What is being asked:
Since the listing below shows pictures, leave them out and write out exactly the lines from the line with "Значки Harley изогнуты, чтобы" to the line with "GEOMETRIC PRINT SHEER TULLE TOPS", both included, and no others.

Provided records:
——————
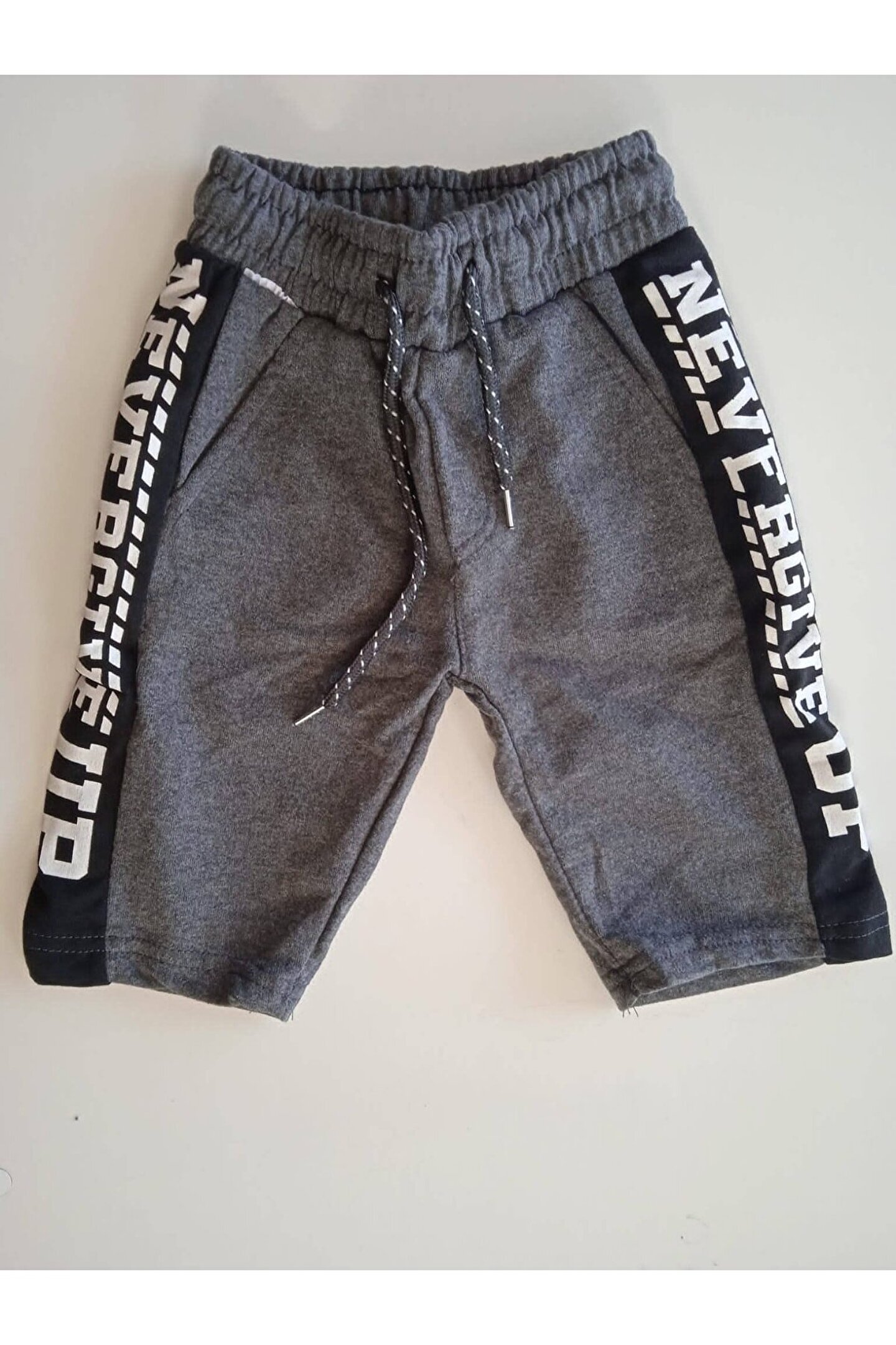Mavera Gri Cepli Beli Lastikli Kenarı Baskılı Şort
——————
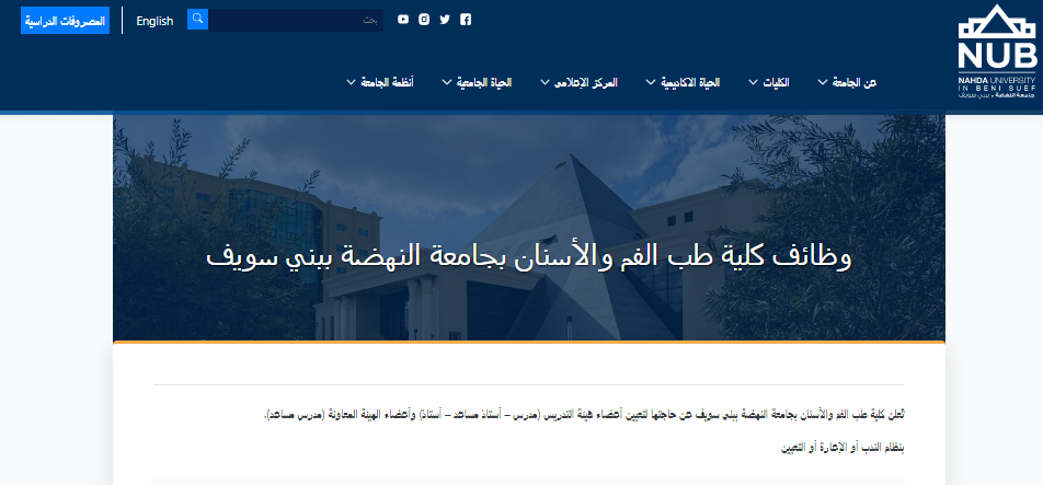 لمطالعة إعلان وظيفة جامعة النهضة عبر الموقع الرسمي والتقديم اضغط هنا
——————
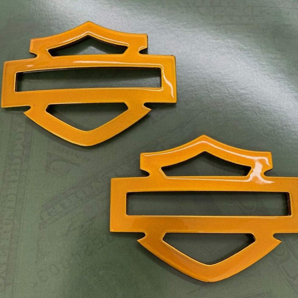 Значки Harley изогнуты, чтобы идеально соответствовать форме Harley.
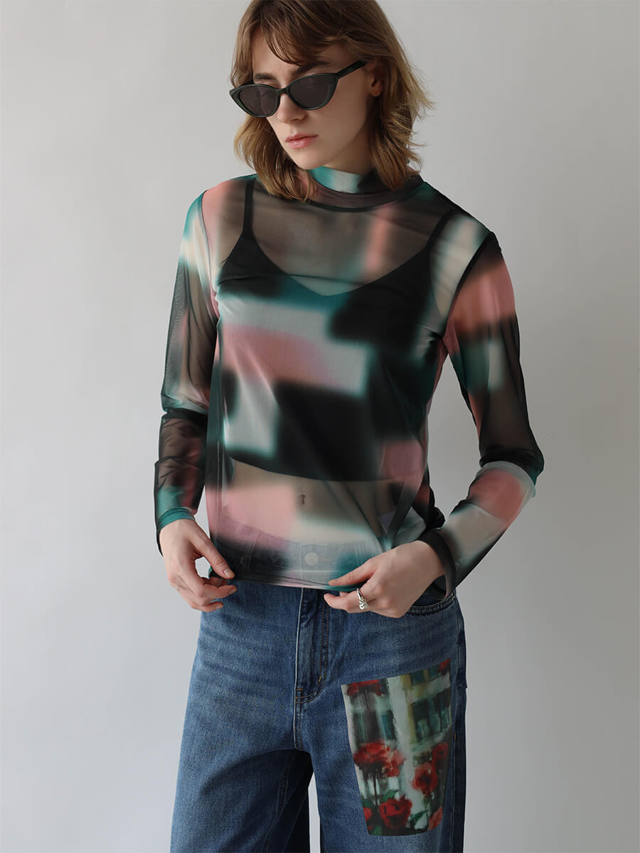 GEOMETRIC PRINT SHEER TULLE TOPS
——————
Task result:
 Значки Harley изогнуты, чтобы идеально соответствовать форме Harley.
 GEOMETRIC PRINT SHEER TULLE TOPS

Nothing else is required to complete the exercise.